N Sathiya Moorthy 16 December 2019
In his maiden meeting with visiting Japanese Foreign Minister Mtegi Toshimitsu, President Gotabhaya Rajapaksa has reiterated the known position that Sri Lanka under him “seek(s) friendship and reject domination by others”. Coming as it does, months before the March session of the UNHRC and also the parliamentary polls that he may cause to be advanced by a few months, it is saying a lot – both to the ‘international community’ (read: West) and also the Rajapaksas’ local constituency that they need to expand beyond Gota’s presidential poll score, if they have to achieve the targeted two-thirds majority in the 225-member House even with new allies, if they manage to get any.
The West would be defeating their perceived and projected purposes, and also do a great dis-service to their allies in the country if they were to press ‘war-crimes’ and ‘accountability issues’, which they had all but cold-stored through the five long years of the predecessor Government of President Maithripala Sirisena and Prime Minister Ranil Wickremesinghe – and made common cause with them on that score. It is anybody’s guess why they could not extend the same facility to the Rajapaksas, now that they have won a popular mandate after losing it in the presidential polls of 2015 and the parliamentary elections the same year.

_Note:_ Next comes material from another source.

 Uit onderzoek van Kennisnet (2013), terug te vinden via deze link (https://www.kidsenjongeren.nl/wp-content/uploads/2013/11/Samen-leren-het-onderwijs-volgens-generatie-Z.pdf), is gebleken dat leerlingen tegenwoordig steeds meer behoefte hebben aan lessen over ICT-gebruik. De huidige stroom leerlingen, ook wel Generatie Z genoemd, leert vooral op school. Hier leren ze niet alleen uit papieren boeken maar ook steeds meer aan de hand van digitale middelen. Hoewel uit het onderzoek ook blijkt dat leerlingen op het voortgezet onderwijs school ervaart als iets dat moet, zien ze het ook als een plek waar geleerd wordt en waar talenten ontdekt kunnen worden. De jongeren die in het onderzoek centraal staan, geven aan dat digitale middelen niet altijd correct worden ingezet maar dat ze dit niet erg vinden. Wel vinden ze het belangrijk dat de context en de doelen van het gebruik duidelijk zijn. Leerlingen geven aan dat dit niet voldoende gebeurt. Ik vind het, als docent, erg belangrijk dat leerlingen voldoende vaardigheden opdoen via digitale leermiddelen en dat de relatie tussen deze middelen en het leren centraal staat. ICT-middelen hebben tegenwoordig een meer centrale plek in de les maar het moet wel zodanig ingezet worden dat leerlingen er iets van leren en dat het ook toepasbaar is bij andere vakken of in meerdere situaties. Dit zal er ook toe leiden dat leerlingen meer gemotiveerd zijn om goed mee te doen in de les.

Among the identifiable allies of the West in Sri Lanka, the Tamil TNA does not want anyone’s help and assistance to win their seats in Parliament. An overt western initiative against the Government in UNHRC, too, would not affect their constituency, either way. The Tamil voters continue to want the Rajapaksas ‘punished’, electorally, but they are also not wholly unaware that it does happen as they wished or as promised by the West. The Sinhala-majority UNP friend of the West can only lose more votes if the latter were to agitate ‘accountability issues’, new and old, at Geneva, ahead of the parliamentary polls.

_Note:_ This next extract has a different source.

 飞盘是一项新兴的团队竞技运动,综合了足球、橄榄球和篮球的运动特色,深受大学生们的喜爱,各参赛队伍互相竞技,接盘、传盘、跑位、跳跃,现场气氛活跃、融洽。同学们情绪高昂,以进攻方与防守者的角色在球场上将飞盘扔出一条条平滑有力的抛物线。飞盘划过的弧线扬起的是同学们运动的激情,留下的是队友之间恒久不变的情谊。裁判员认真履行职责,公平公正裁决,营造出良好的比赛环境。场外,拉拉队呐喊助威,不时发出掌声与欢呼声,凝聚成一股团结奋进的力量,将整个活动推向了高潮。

‘The West may do well to revisit the poll results since 2015 and fix the real reason for the Rajapaksas’ defeat earlier – or, their resounding victory last month. Instances can be cited in either case, but the party and leader(s) in power lost both elections to anti-incumbency factors, which did not actually flow from war-crimes and the like. The target of both campaigns, whether understood or not (by the West) or acknowledged by the domestic contenders, before or after the polls, was the increasing numbers of ‘swing’ or ‘undecided’ voters, through the past decade. By the same token, there is a need to accept that these ‘undecided voters’ are more liberal in giving the incumbent a long rope, for him to climb up – or, to hang, if he chose show. The factors that helped the Sirisena-Wickremesinghe duo’s parliamentary victory, after unseating President Mahinda Rajapaksa in January 2015 is still valid.
In the reverse, any over-emphasis on war-crimes probe and the like could provide the Rjaapaksas a real occasion and opportunity, to revive ‘sovereignty’ issues, through the months and years before Elections-2015. Today, there may be greater purchase for such arguments among Sri Lankan voters, call them ‘Sinhala-Buddhist nationalists’, if you wish. Any fresh UNHRC initiative by the West against Sri Lanka could end up being counter-productive nearer home, where some of the predecessor Government’s senior ministers with their own political ambitions for the future, may be put on the defensive – and almost forever.
Disowning co-authorship?
Both before his election and after assuming office President Gota R has reiterated the Rajapaksas’ known position, disassociating from the UNHRC process on the whole. It was thus that under Mahinda R, Sri Lanka would not even officially get to read the draft of the 2012 American resolution, leave alone negotiate it or participate in the UNHRC proceedings. However, with the successor government in between having co-authored a new resolution, committing the nation to the UNHRC process at least on paper, the current dispensation have to declare its intent, in writing and by mid-January if they want it to be considered by the March session of the UNHRC.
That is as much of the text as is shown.